* Exercise instructions *
To complete this task, print all the data below exactly but leave out the images.
(Data for processing Opens)
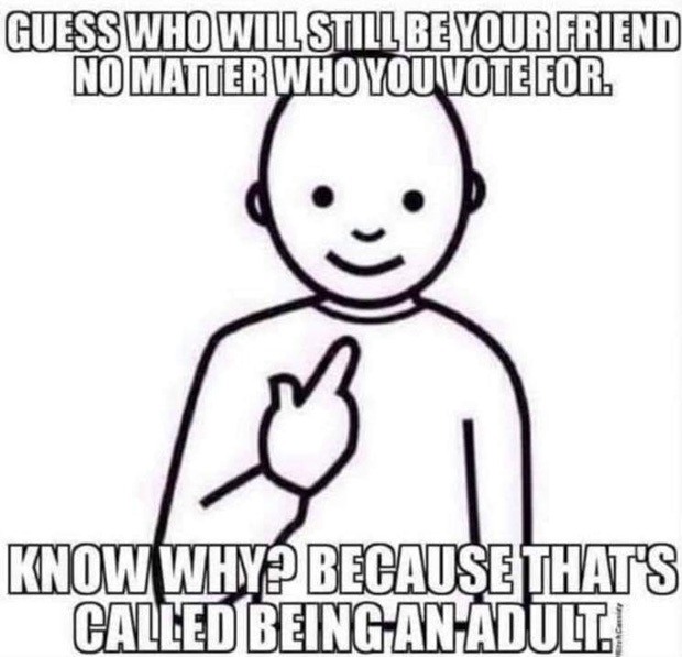 I do not believe that particular red myth is true. I just think most of the blues have been fed a very extreme set of lies and omissions about the entire Kenosha outburst from beginning to end, that the riots themselves were a product of “mostly good people” trying to make sense of this extreme set of lies, and that a second layer of lies was piled on the first about what happened during the Rittenhouse encounter to cover up the first layer. And that people are so invested in these lies that they can't recalibrate their opinions. I don't hate them for buying into these lies, because it's not their fault. I can remain their friend no matter who they vote for. I can act the meme, because acting the meme is far more adult than severing a friend relationship over their misunderstanding about an issue or situation.
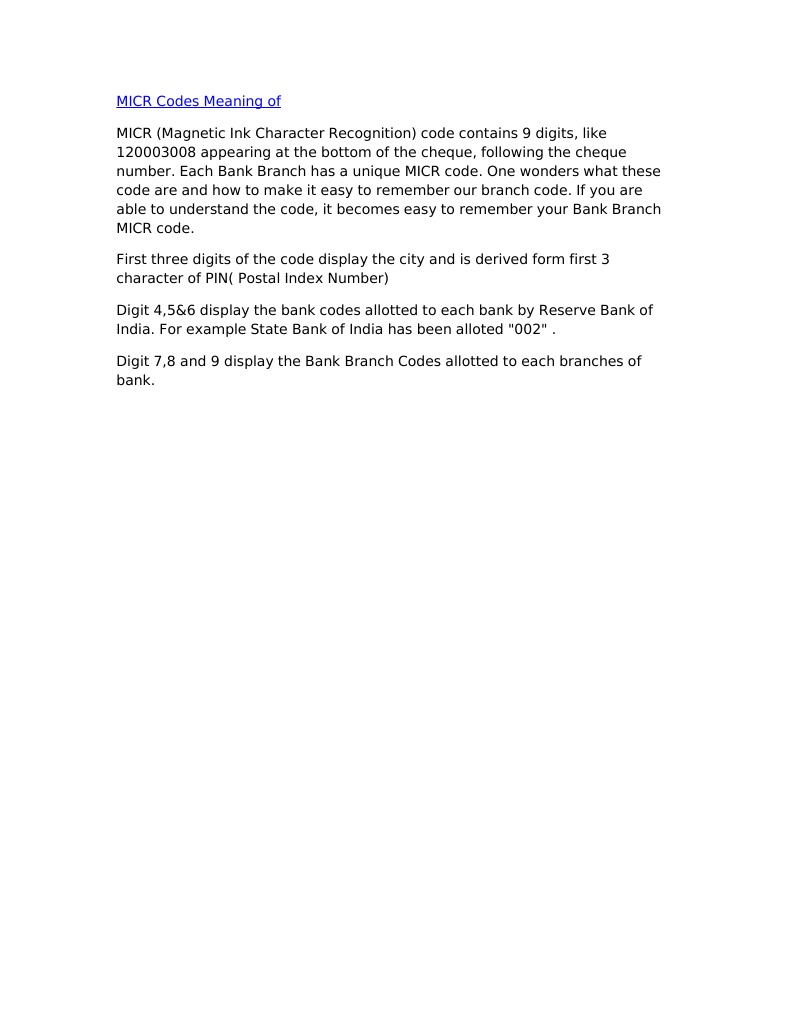 what is Bank MICR Code and what is its use?
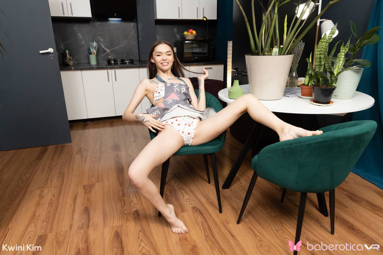 This is Kwini Kim’s second appearance on our site. And she is very enthusiastic to be back on the set. She loved her first experience with us. But what she loved more was the feedback she got from our members and the many fans she gathered from just one video. Pornstars love it when they are appreciated and when the fans are worshiping their beauty. And there is nothing not to worship about Kwini. She is basically an angel. And an Eurasian angel with a cute face and a skinny, sexy body. She is what many men would call a fuck toy. You can just pick her up and use her however you want. But until you get your hands on her, you can grab your VR headset and enjoy this immersive solo viewing experience with Kwini. She came with a different energy on the set today. She is here to have fun and enjoy some orgasms. She plays the role of the stay-at-home girlfriend who just keeps the house clean and waits for you to get home and fuck her. Whenever you’re not home when she is horny, she just grabs one of her many toys and takes care of herself. She put on a nice strip show for the camera while looking straight into the lens in such an inviting way. She then grabbed a massive dildo, which is as thick as her wrist, sucked on it, and pushed it inside her little cunt. Not only is this video good, but the gallery that comes with it is also crazy hot. Check them both and let this skinny little angel make you cum tonight.
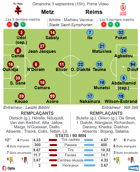 Le Républicain lorrain le met remplaçant mais il devrait avoir du temps de jeu et retrouvera logiquement sa place après la trève.
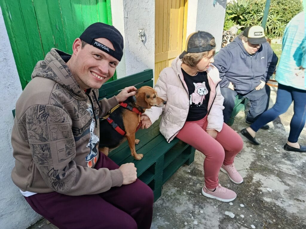 Nestas sessões de intervenção assistida por animais observamos com regularidade aconteceram momentos de muita alegria e cumplicidade entre os nossos participantes e os amigos de 4patas, que fazem as delícias de todos. O ambiente de descanso e descontração proporciona o cenário perfeito para a interação, para superar medos e enriquecer o dia dos participantes.
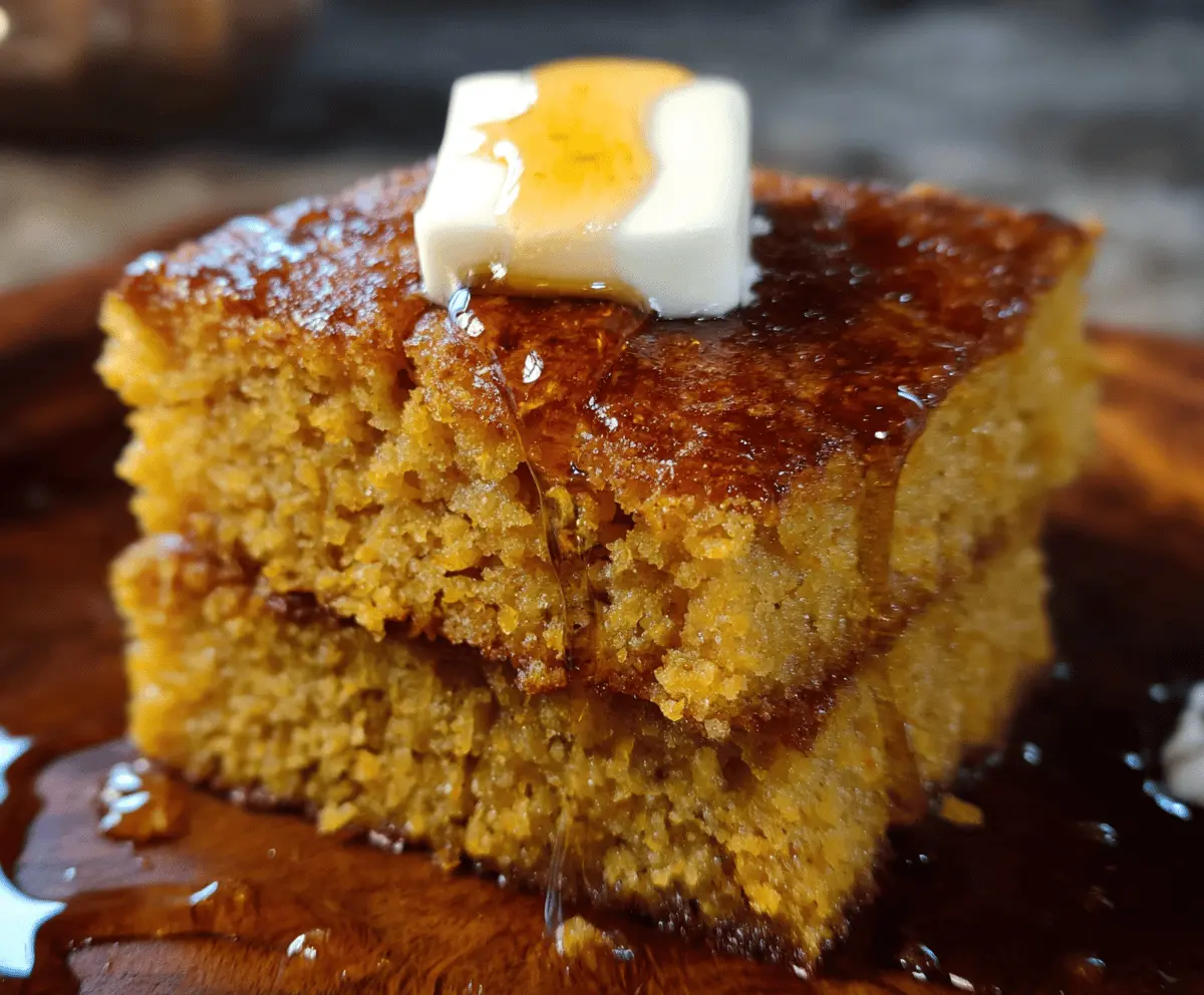 Delicious Honey Butter Sweet Potato Cornbread topped with honey butter, served on a rustic plate, perfect for comfort food lovers
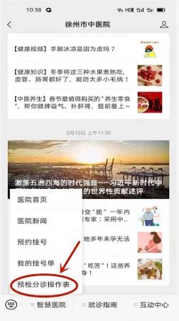 关注“徐州市中医院”微信公众号,左下角“智慧医院”→“预检分诊操作表”→就诊前如实填写----显示您“提交成功”(截图保存包含提交日期等)。
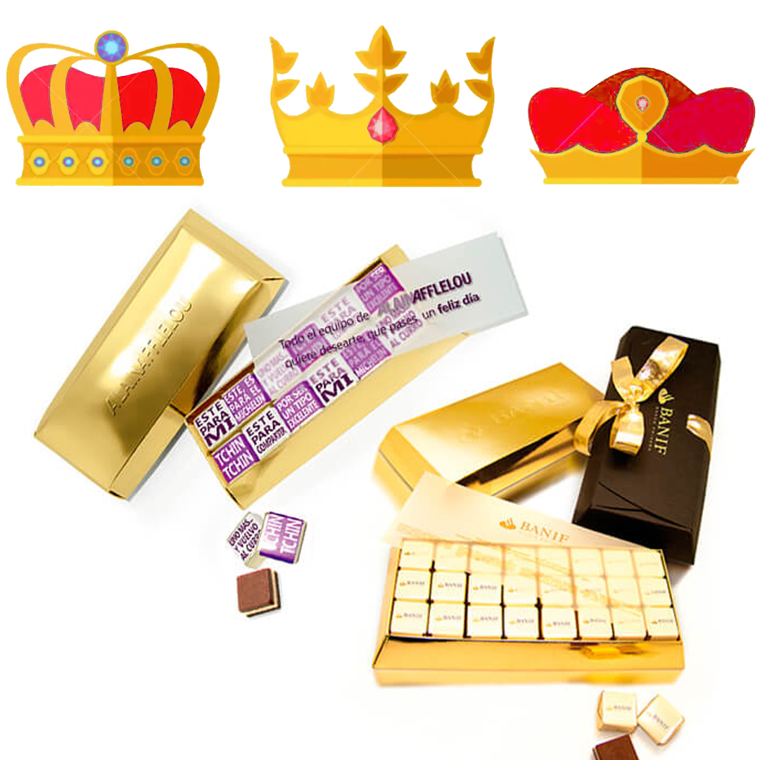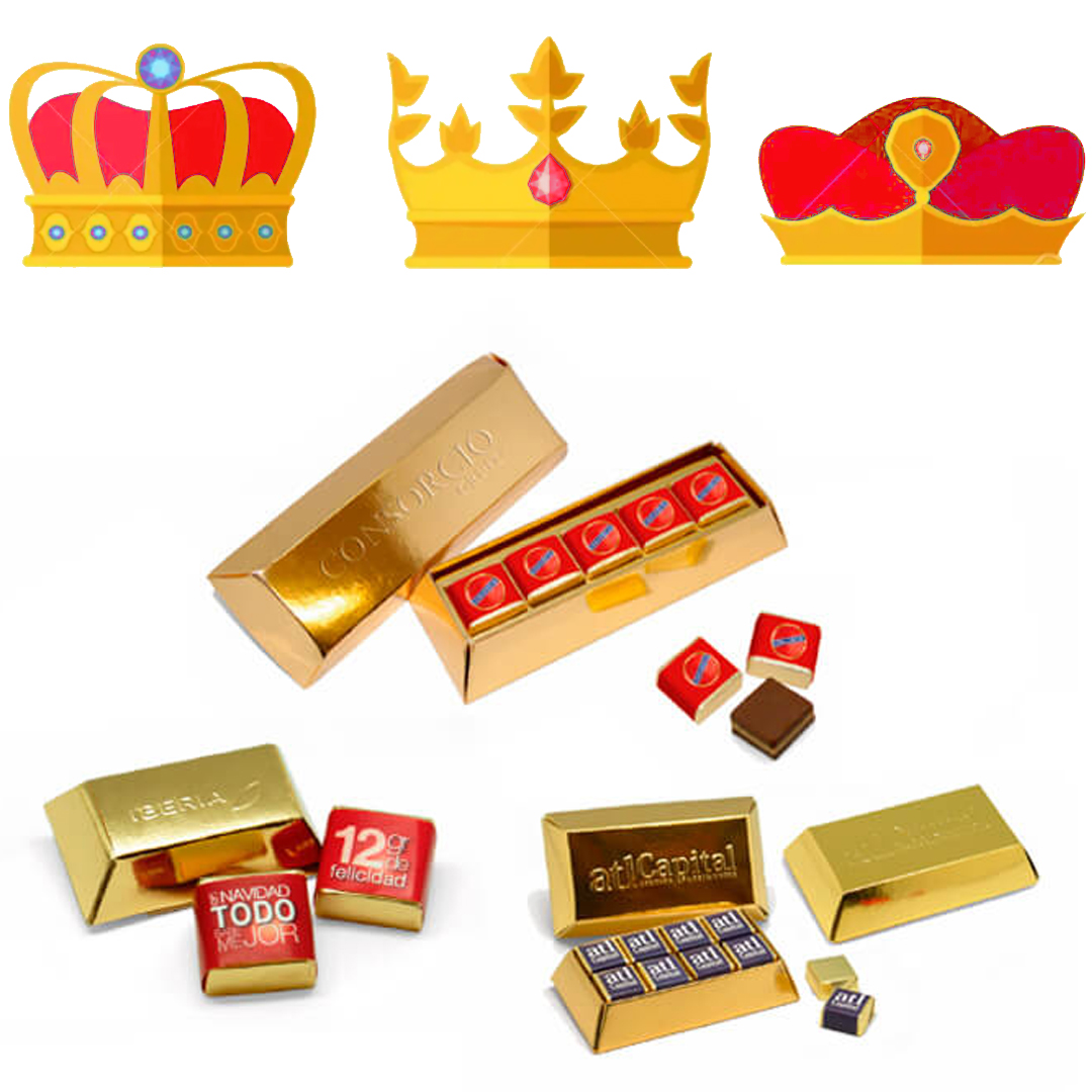 Para el oro tenemos unas cajas de cartón metalizado con forma de lingotes y en en interior deliciosos bombones de chocolate. Con más o menos bombones, y cajas más grandes o más pqeueñas según lo golosos que seáis. Y personalizados con vuestro logo o diseño en las vitolas a color, y en golpe seco en los lingotes. Un artículo promocional elegante y muy apetecible.
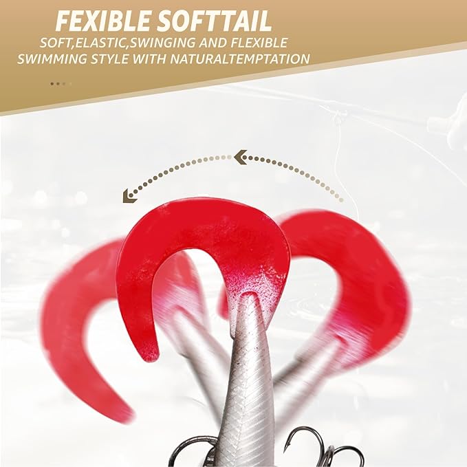 Inmorven Soft Fishing Lures Shad Minnow Swimbaits, Pre-Rigged Jig Head Paddle Tail Swimbaits for Freshwater and Saltwater, Jigs Fishing Bait for Bass Crappie Trout Walleye, Fishing Gifts for Men
(Data for processing Closes)
* Answer to this exercise *
 I do not believe that particular red myth is true. I just think most of the blues have been fed a very extreme set of lies and omissions about the entire Kenosha outburst from beginning to end, that the riots themselves were a product of “mostly good people” trying to make sense of this extreme set of lies, and that a second layer of lies was piled on the first about what happened during the Rittenhouse encounter to cover up the first layer. And that people are so invested in these lies that they can't recalibrate their opinions. I don't hate them for buying into these lies, because it's not their fault. I can remain their friend no matter who they vote for. I can act the meme, because acting the meme is far more adult than severing a friend relationship over their misunderstanding about an issue or situation.
 what is Bank MICR Code and what is its use?
 This is Kwini Kim’s second appearance on our site. And she is very enthusiastic to be back on the set. She loved her first experience with us. But what she loved more was the feedback she got from our members and the many fans she gathered from just one video. Pornstars love it when they are appreciated and when the fans are worshiping their beauty. And there is nothing not to worship about Kwini. She is basically an angel. And an Eurasian angel with a cute face and a skinny, sexy body. She is what many men would call a fuck toy. You can just pick her up and use her however you want. But until you get your hands on her, you can grab your VR headset and enjoy this immersive solo viewing experience with Kwini. She came with a different energy on the set today. She is here to have fun and enjoy some orgasms. She plays the role of the stay-at-home girlfriend who just keeps the house clean and waits for you to get home and fuck her. Whenever you’re not home when she is horny, she just grabs one of her many toys and takes care of herself. She put on a nice strip show for the camera while looking straight into the lens in such an inviting way. She then grabbed a massive dildo, which is as thick as her wrist, sucked on it, and pushed it inside her little cunt. Not only is this video good, but the gallery that comes with it is also crazy hot. Check them both and let this skinny little angel make you cum tonight.
 Le Républicain lorrain le met remplaçant mais il devrait avoir du temps de jeu et retrouvera logiquement sa place après la trève.
 Nestas sessões de intervenção assistida por animais observamos com regularidade aconteceram momentos de muita alegria e cumplicidade entre os nossos participantes e os amigos de 4patas, que fazem as delícias de todos. O ambiente de descanso e descontração proporciona o cenário perfeito para a interação, para superar medos e enriquecer o dia dos participantes.
 Delicious Honey Butter Sweet Potato Cornbread topped with honey butter, served on a rustic plate, perfect for comfort food lovers
 关注“徐州市中医院”微信公众号,左下角“智慧医院”→“预检分诊操作表”→就诊前如实填写----显示您“提交成功”(截图保存包含提交日期等)。
 Para el oro tenemos unas cajas de cartón metalizado con forma de lingotes y en en interior deliciosos bombones de chocolate. Con más o menos bombones, y cajas más grandes o más pqeueñas según lo golosos que seáis. Y personalizados con vuestro logo o diseño en las vitolas a color, y en golpe seco en los lingotes. Un artículo promocional elegante y muy apetecible.
 Inmorven Soft Fishing Lures Shad Minnow Swimbaits, Pre-Rigged Jig Head Paddle Tail Swimbaits for Freshwater and Saltwater, Jigs Fishing Bait for Bass Crappie Trout Walleye, Fishing Gifts for Men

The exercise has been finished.